Fig. 1 is a block diagram of the principle of the present invention, Fig. 2 is a block diagram of an embodiment of the invention, Fig. 3 is a block diagram of another embodiment of the invention, and Fig. 4 is a time chart of the embodiment of Fig. 2. , FIG. 5 is a time chart of the embodiment of FIG. 3,
FIG. 6 is a block diagram of the conventional example, and FIG. 7 is a time chart of the conventional example. DESCRIPTION OF SYMBOLS 1...Motor, 2...Encoder signal generator, 3...Drive circuit, 4...Reference clock generator, 7...Pulse generator, 14...Counter means, 16... sign inversion means, 18...addition means 20
...first output means, 22...second output move, 24
...determination means, 26.. selection means, 28.
...Memory content update means, 31.33.37...Latch, 32.36...Digital multiplexer, 3.4...
・Sign inverter, 35...Digital adder 40・
...Overflow detection circuit, 42...Counter, 43...Digital comparator, Recruitment 2 figure 0x example time night figure 4

Claims (2)

[Claims] (1) Using an encoder signal proportional to the motor rotation speed, digitally process the cycle of the encoder signal to obtain a speed error signal and a phase error signal, and feedback control the motor rotation speed based on these signals. In a motor speed control circuit, when the motor rotates at a commanded speed, the count value is expressed in binary, with a predetermined bit being "1", all bits lower than that bit being "0", and bits higher than that bit being "0". all"
a counter means (14) for counting the cycle of the encoder signal, which is set to be "0" or all "1"; First output means (20) having a memory function to output bits as a speed error signal
and sign inverting means (16) for inverting the sign of the predetermined bit among the output bits of the counter means (14); It has an addition means (18) for adding a value indicated by a bit string consisting of lower bits than the predetermined bits and a phase error signal, and a storage function for outputting the calculation result of the addition means (18) as the phase error signal. a second output means (22); a determination means (24) for determining whether the count result of the period of the encoder signal is out of the range of values that can be expressed by the predetermined bit and lower bits; If the determination means (24) determines that the determination is off,
The output values of the first output means (20) and the second output means (22) are selected so that the count results are the maximum or minimum value within the range, depending on whether the deviation is large or small. a selection means (26) for selecting, and the first output means (
20) and the second output means (22) after the encoder signal is input and the value of the speed error signal and the phase error signal are determined, or after the rotational speed of the motor is at the command speed. and the output value of the counter means (14) is larger than the value that can be represented by the first output means (20), the determination means (24)

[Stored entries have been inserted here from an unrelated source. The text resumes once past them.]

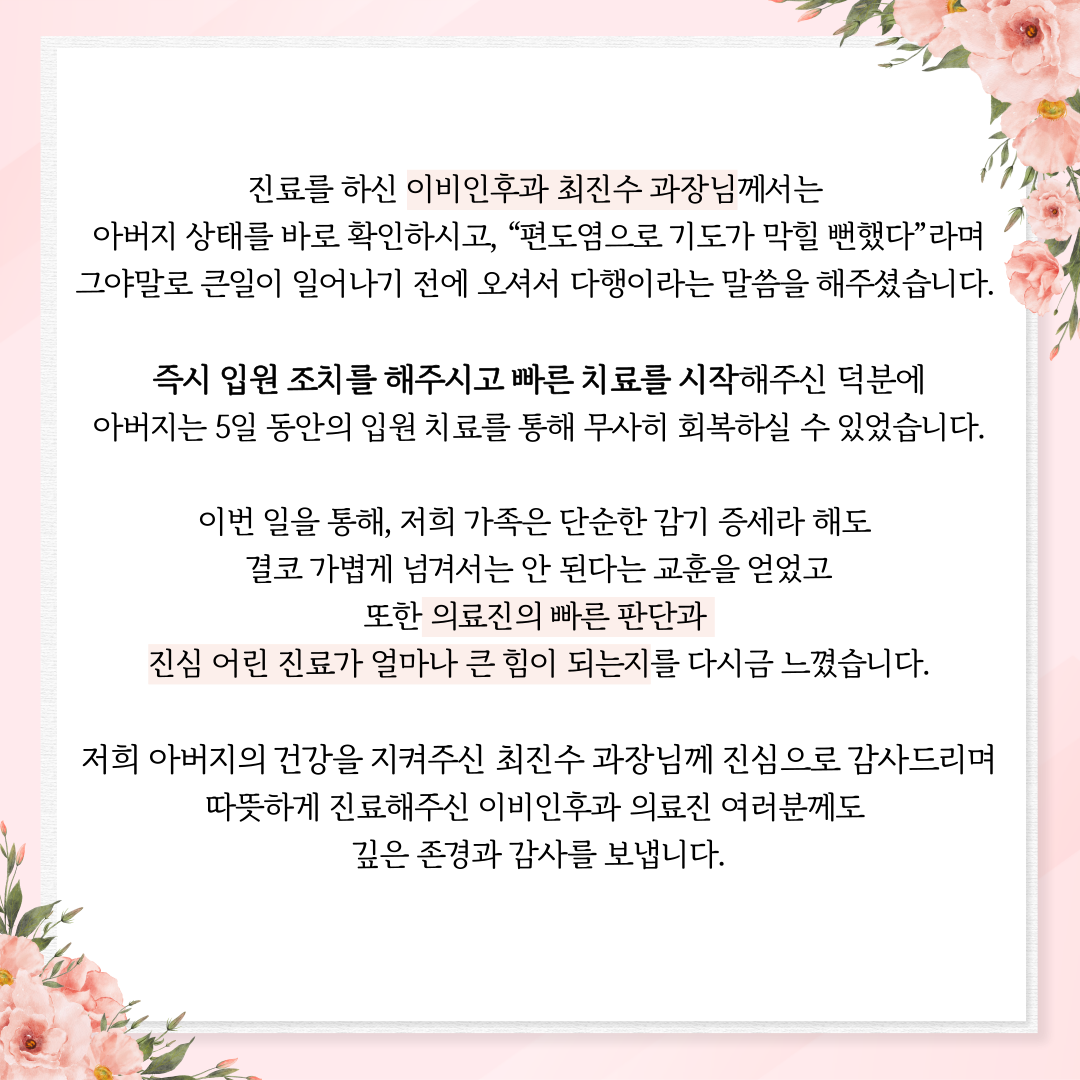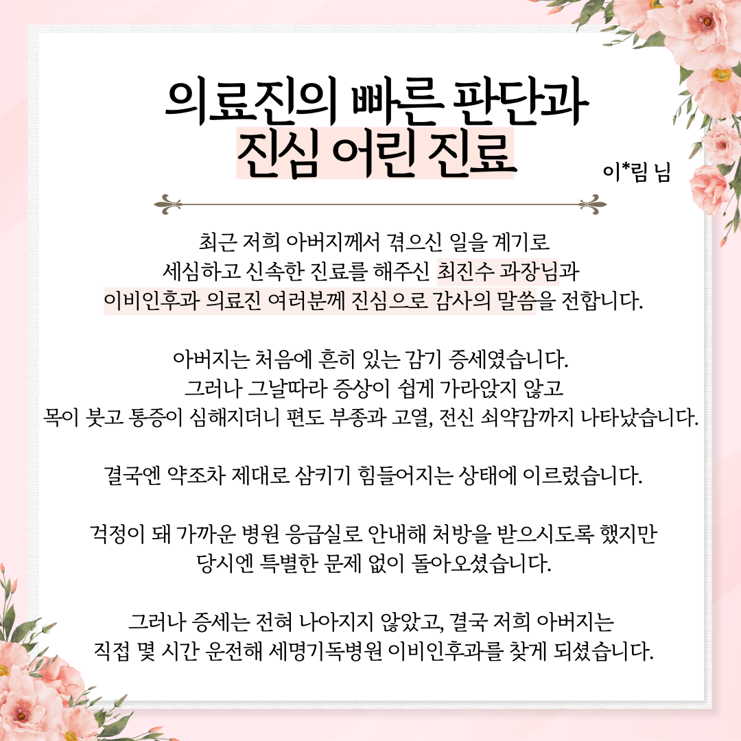 두번째 사연은 이비인후과 최진수 과장님 미담글입니다.
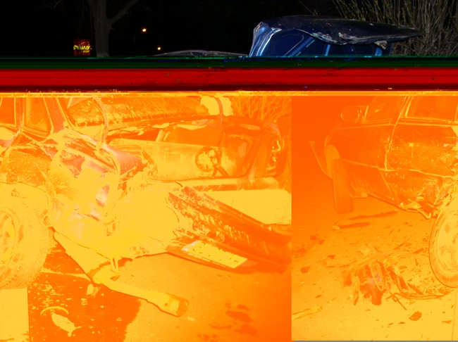 Un autoturism Dacia Break a „făcut praf” un Cielo a cărui butelie cu GPL s-a fisurat şi putea exploda
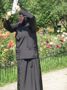 Ensuite, nous rencontrons la deuxième personne intéressante de la journée en la personne de Mère Tatiana au Monastère Modovita, édifice avec des tuiles (lauzes) en bois. Parlant couramment le français (et l’allemand !) la Mère avait déjà commencé la description des peintures ornant les murs extérieurs et intérieurs du Monastère. A la fin de son intervention, malgré la chaleur et l’heure tardive du déjeuner, elle a repris sa description du siège de Constantinople sur le mur extérieur Sud. Elle a tenu à préciser à l’attention toute spéciale de NH sa liste très exhaustive des ennemis de la Roumanie : Hongrois, Russes, Turcs, Arabes et Juifs. « C’est l’histoire » ajouta-t-elle, « il faut s’en souvenir » !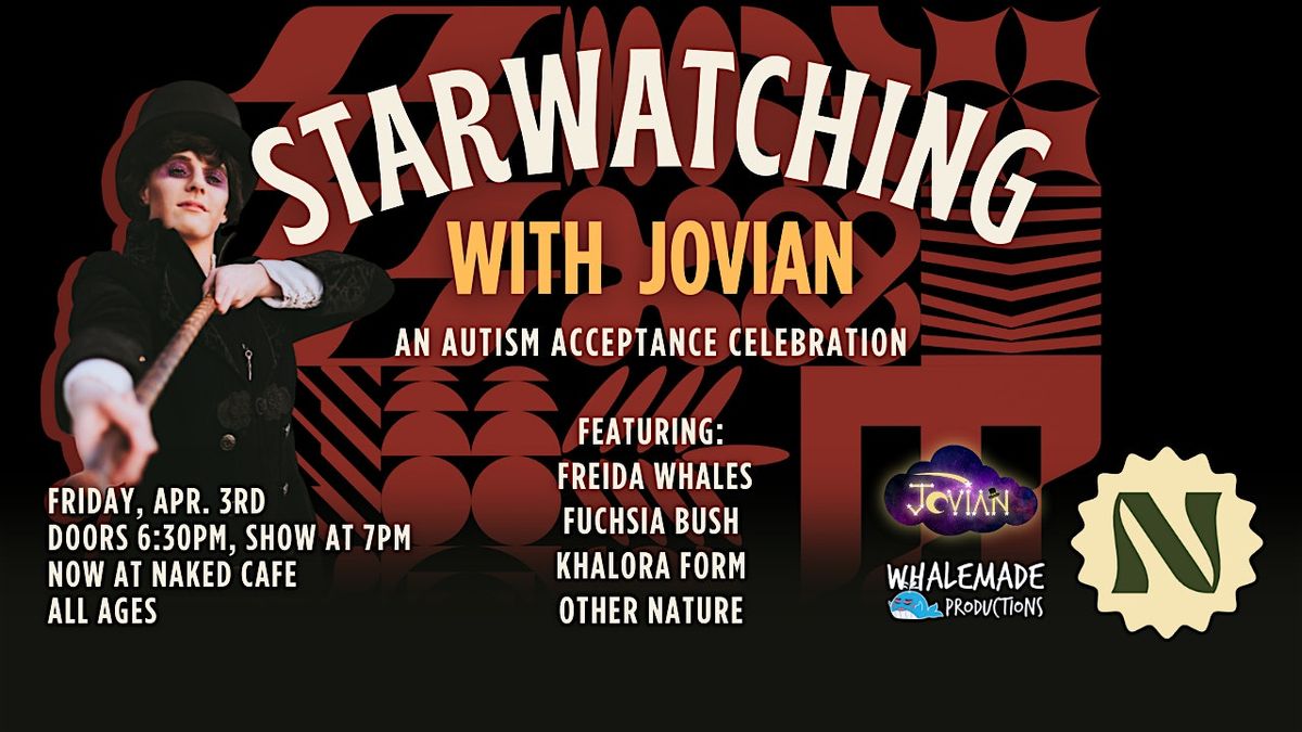 Eyes to the sky and turn your gaze towards Naked Cafe for the next edition of Starwatching with Jovian: An Autism Acceptance Celebration! Hosted by Kelowna's Autistic, aroace, and out-of-this-world drag king, Jovian!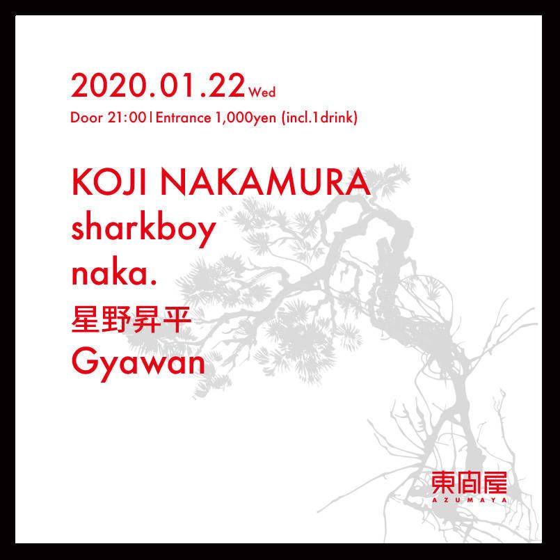 2020.01 22 JAN Azumaya -Wednesday- HOUSE TECHNO 0 Shares Facebook Twitter google Line DATE: 2020-01-22 WED OPEN: 21:00 VENUE: PRICE: Entrance 1,000yen(incl. 1drink) LINE UP: KOJI NAKAMURA sharkboy naka. 星野昇平 Gyawan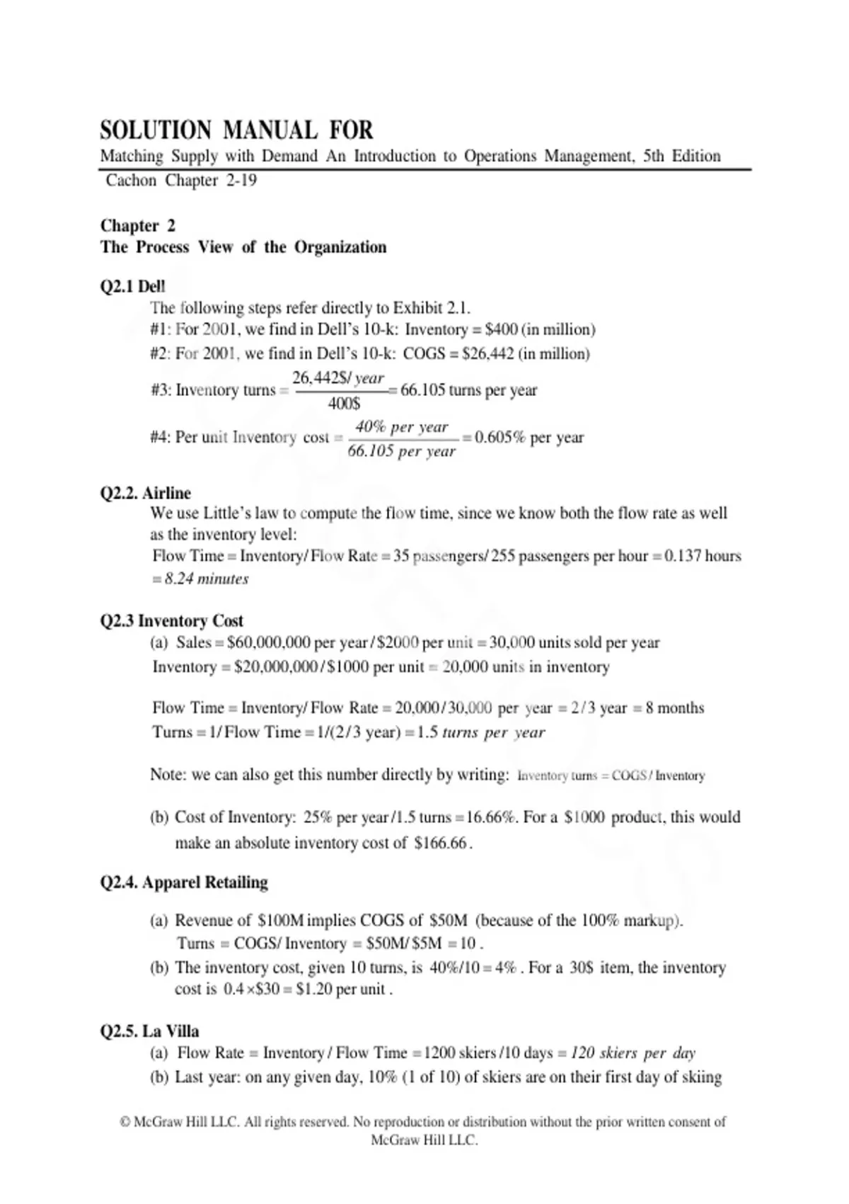 Matching Supply with Demand: An Introduction to Operations Management – 5th Edition by Gérard P. Cachon | Complete Solutions Manual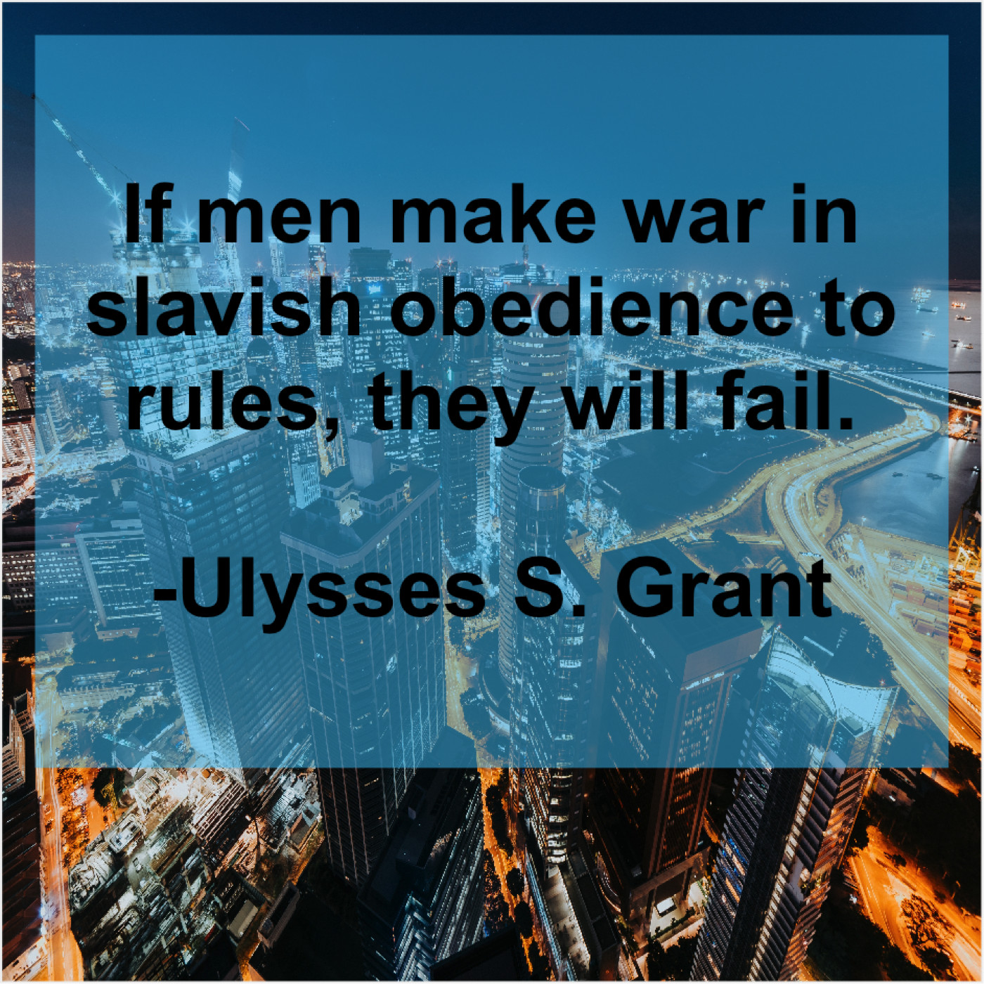 Ulysses S. Grant Ulysses S. Grant – If men make war in… November 12, 2018 admin “If men make war in slavish obedience to rules, they will fail.”-Ulysses S. Grant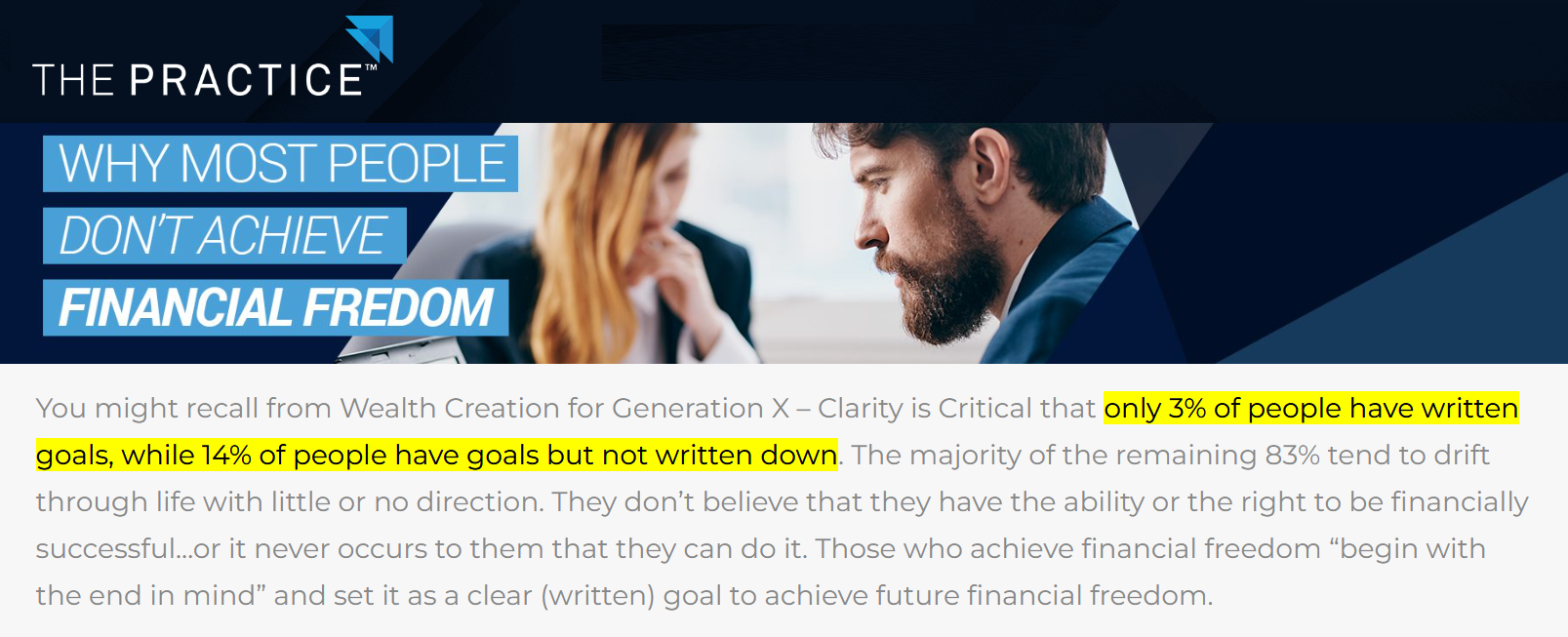 А ще, більша частка людей узагалі не ставить жодних фінансових цілей. Згідно статистики, тільки 3% людей мають записані цілі, і ще 14% – мають, але так, в голові (це напіврішення). І проблема тут у тому, що якраз ті 83%, що не мають цілей є найбільш вразливими до проблем і ризиків інвестування.
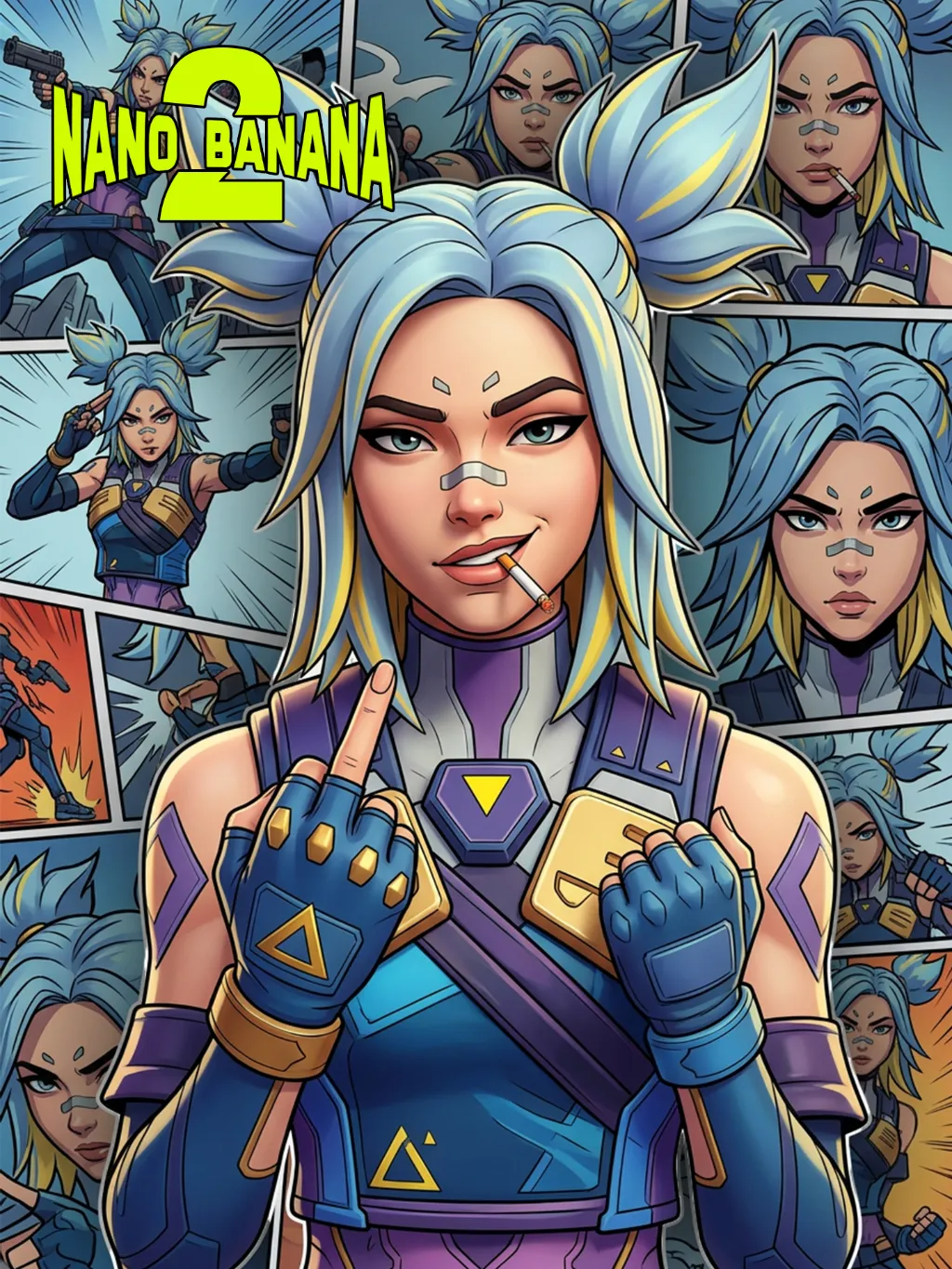 Based on the image of the protagonist in the uploaded picture (while retaining the facial features, gender and age of the character to ensure consistency with the character in the picture), create a 3D stereoscopic image work for the character in "Valorant", perfectly reproducing the artistic style of the game poster. The depiction of this character has 3D volume and structure, but adopts the aesthetic style of 3D game posters: clear thin black outlines, bright flat colors and exquisite 3D rendering, emphasizing the fine 3D rendering effect. The character's hair is light blue with yellow highlights, styled into two high and sharp ponytails. The face presents a confident and rebellious expression, with a cigarette in the mouth, making a middle finger gesture towards the audience, and there are some black projections and thick black strokes around the character, making it stand out from the background. The background is a collage of comic pages (presented in 2D comic style, with thick black strokes, comic design style), each page showing different close-up expressions of the same character (based on the image in the uploaded picture), forming a richly layered and self-referential composition. This character is wearing the iconic tactical clothing, equipped with blue, purple and gold decorations, including shoulder pads, chest decorations with yellow triangles and blue gloves. The lighting uses a movie-level 3D rendering effect, with high contrast, to highlight the character's attitude and this stylized 3D shape. The overall atmosphere is avant-garde, confident and visually impactful, perfectly combining the depth of 3D stereoscopic rendering with the style of comic, Maya, Blender and C4D OC renderers.

), and the selection means (26) selects a value indicating that the rotational speed of the motor is the slowest relative to the commanded speed. motor speed control circuit. (2) When a motor start signal is input, regardless of the value of the counter means (14), if the value of the counter means (14) is off to a larger value, the determination means (24) The signal is determined by the determining means (
24. The motor speed control circuit according to claim 1, further comprising means for inputting to the motor speed control circuit.